Robert Parker selbst hat seit dem Verkauf seiner Anteile am TWA im Jahr 2012 sich allmählich aus der Fachszene zurückgezogen. Ein großer Schritt erfolgte noch einmal 2017 als Parker verkündete, alle offiziellen Weintests einzustellen. Seit 2019, im Alter von 71 Jahren, ist Robert Parker im Ruhestand und steht für keine Auftritte oder Weinkritiken zur Verfügung.
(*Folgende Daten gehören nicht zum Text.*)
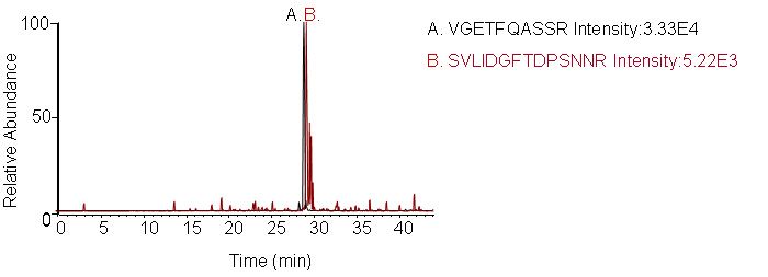 Peptides screening: Peptides and transitions for analysis were selected using a predictive peptide program. The results were screened for those with the highest specificity and the most intense transitions.
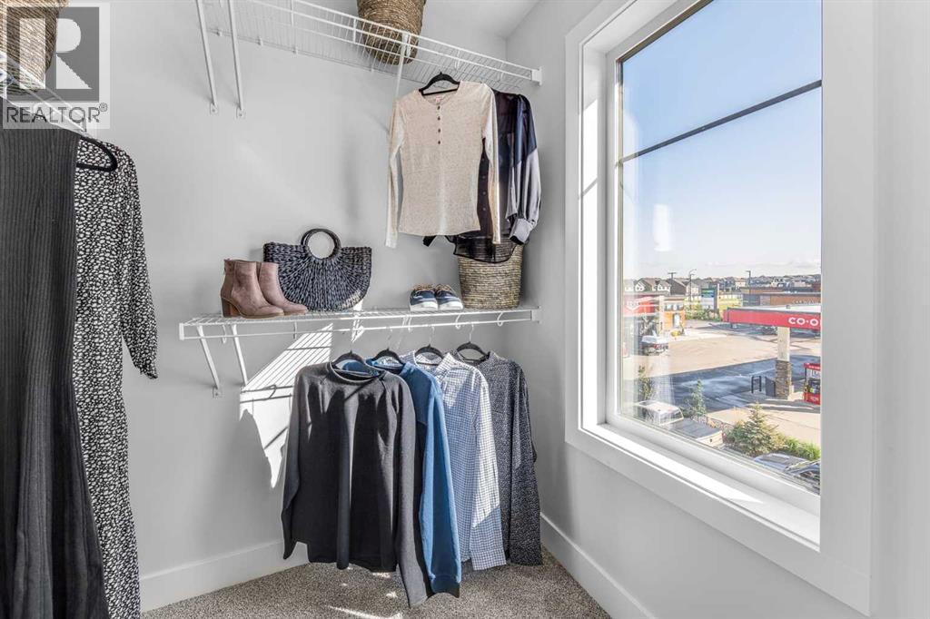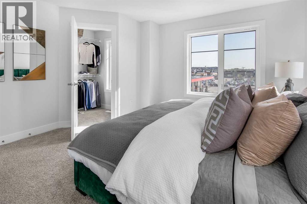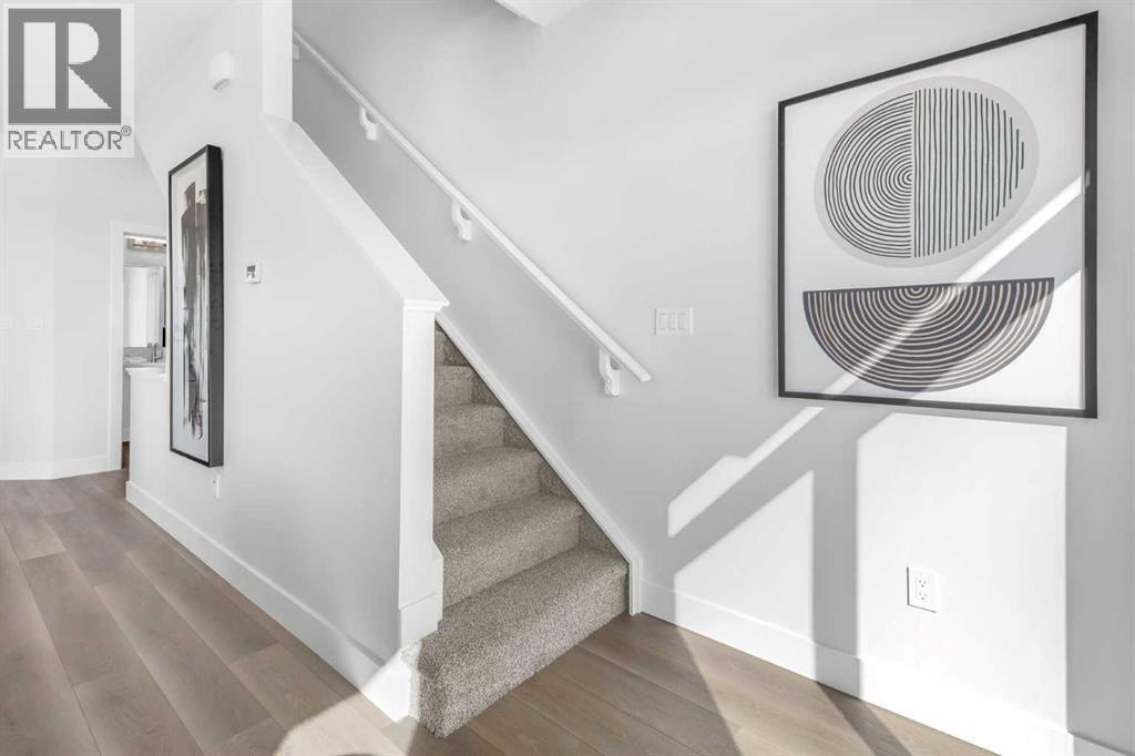 The stunning ‘Holiday’ model by Brookfield Residential is now available in the heart of Rockland Park! This brand-new townhome is thoughtfully designed and extensively upgraded, offering 3 bedrooms, 2.5 bathrooms, a ground-floor den, and a private double attached garage. The open-concept main living area features a timeless kitchen with full-height cabinetry, quartz countertops, a built-in hood fan and microwave, and a stainless-steel appliance package. The extended island provides additional seating, making it a natural gathering place. The kitchen flows seamlessly into the dining and living areas, which are filled with natural light thanks to a wall of windows. A private balcony off the living room offers the perfect spot to enjoy the summer sun. A full laundry room with extra storage and a 2-piece powder room complete this level. Upstairs, the spacious ~11’ x 12’ primary suite includes a walk-in closet and a private ensuite. Two additional bedrooms and a full bathroom complete the upper floor. On the lower level, a versatile den off the entryway provides the perfect space for a home office or flex area, while the private double attached garage keeps your vehicles and valuables safe year-round. This home has been upgraded throughout, including central A/C rough-in, BBQ gas line, pendant lighting over the island, 42" upper cabinets, and a full interior selections package. The property is protected by both a full builder warranty and Alberta New Home Warranty, offering peace of mind in one of Calgary’s most sought-after new communities, with an unbelievable homeowner’s association, Rockland Park. If you’re looking for a stylish, low-maintenance townhome with exceptional design and craftsmanship—this is the one! (id:51913)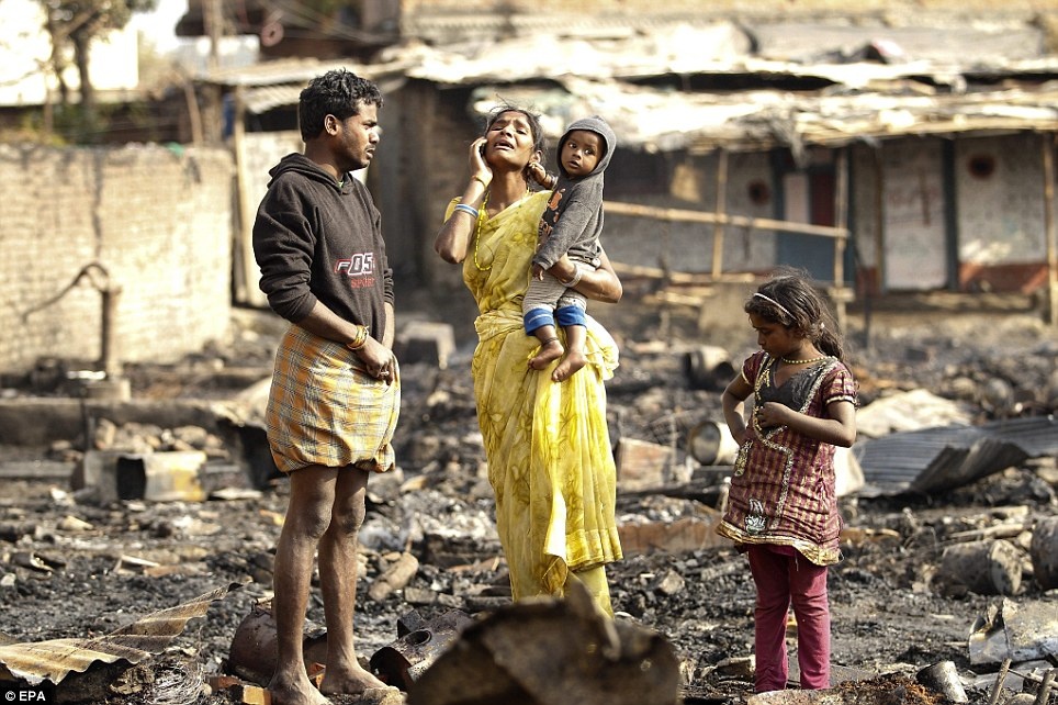 | Những người dân sống tại khu ổ chuột - đa số là dân nhập cư tới từ Ấn Độ - mất trắng sau vụ hỏa hoạn. Ảnh: EPA. |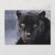 Tierkarte mit einem imposanten schwarzen Panther. Ein schwarzer Panther ist typischerweise eine melanistische Farbvariante jeder Panthera-Spezies. Schwarze Panther in Asien und Afrika sind Leoparden (Panthera pardus).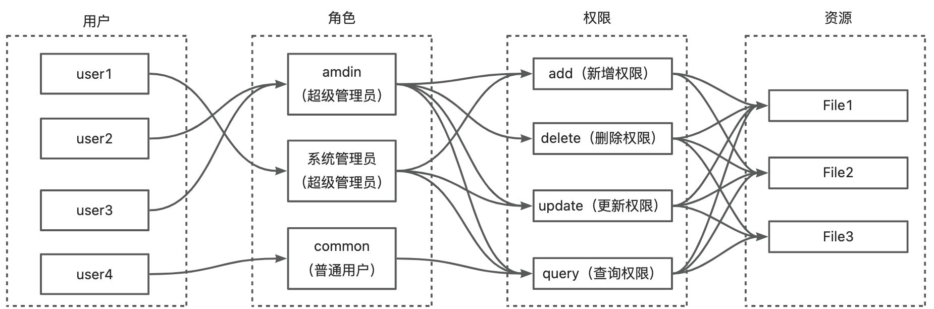 - 角色(Role):权限的集合体,代表特定职责或职能(如“管理员”“编辑”“普通用户”)。

Angesichts der immer stärker werdenden Konkurrenz an beliebten Wein-Blogseiten, renommierten Verkostern, die ihre eigenen Journale gründen, aber auch angesichts der schwindenden Anzahl von Top-Kritikern im Team des TWA bleibt es abzuwarten, ob Robert Parker Wine Advocate seinen legendären Ruf und Bedeutung in Zukunft wieder erlangen beziehungsweise halten kann.

Im heutigen Team der Weinkritiker sind neben der Chefredakteurin und Leiterin Lisa Perrotti-Brown interessante Experten zu finden wie Monica Larner (für Italien), Stephan Reinhardt (für deutschsprachigen Raum) oder Erin Brooks (für Californien) um nur einige zu nennen (Stand 2021).